Here is the press release from City University of New York:

Public Release: 8-Sep-2016

More underrepresented students obtain science degrees & pursue STEM, due to research mentoring

The City University of New York

New York, NY – Graduation rates among science majors at a large minority-serving college have nearly tripled since the implementation of an undergraduate research experience (URE) program ten years ago. A new study in the Journal of Research in Science Teaching indicates that undergraduates who participate in mentored research not only graduate more often with science degrees, but also attend graduate school and pursue STEM careers at higher rates.

Established in 2006, John Jay College’s Program for Research Initiatives in Science and Math (PRISM) is an URE program that enables undergraduates to carry out guided scientific research. Although undergraduate STEM research has been de rigueur at major research universities, public Minority- and Hispanic-serving institutions like John Jay have historically struggled to provide their students with equivalent experiences and to keep them competitive with their majority peers. Tailored to students and faculty, PRISM has benefited both participants and the college. An extensive case study revealed that graduation rates from science have nearly tripled since PRISM’s inception, that the number of students pursuing graduate degrees has grown nearly ten fold, and that students receive author credit on journal articles more often than at other institutions. Furthermore, John Jay has seen a growth in both external funding and in full-time faculty focused on STEM research.

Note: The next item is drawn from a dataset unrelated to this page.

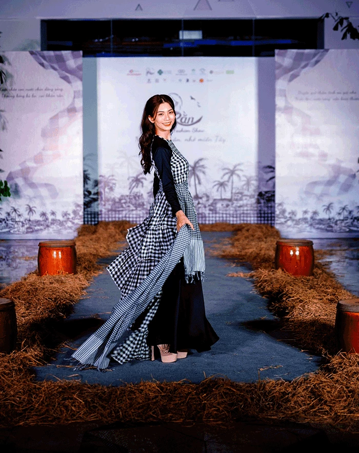 Người đẹp Phan Lê Kim Ngọc trình diễn trang phục lấy cảm hứng thiết kế từ khăn rằn trong fashion show “Rằn”. Ảnh: CTV
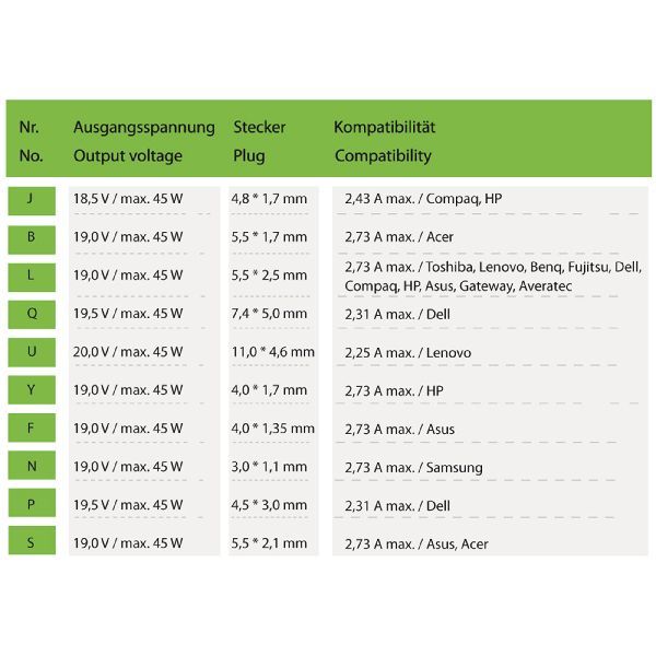 | L | 19,0 V / max. 45 W | 5,5 x 2,5 mm | 2,73 A max. / Toshiba, Lenovo, BenQ, Fujitsu, Dell, Compaq, HP, Asus, Gateway, Averatec |

To reach these conclusions, researchers made use of institutional and program data collected over three years, interviews and focus groups, and surveys. Notably, the study found that PRISM positively affected students’ decisions to pursue graduate degrees and STEM careers, impacting Black and Hispanic participants more significantly than their White and Asian counterparts. Lead author Anthony Carpi, Professor of Environmental Toxicology and Dean of Research at John Jay College, City University of New York, said, “We were delighted to see the impact that undergraduate research experiences have on our students’ career plans. John Jay has a robust and diverse pipeline of students moving on to post-graduate professional careers in STEM fields, and it is exciting to see these students becoming skilled scientists.”

Norman Lederman, Distinguished Professor of Mathematics and Science at the Illinois Institute of Technology, said, “It has long been known that actual research experiences in science and mathematics impact students’ attitudes toward science and mathematics as well as the STEM career aspirations of pre-college and college students. It has also been known that under represented students tend to select themselves out of STEM fields for a variety of social and cultural reasons. The PRISM program at John Jay College has produced extremely compelling results and it serves as an impressive model for other universities, especially those that do not initially have high-level research profiles.”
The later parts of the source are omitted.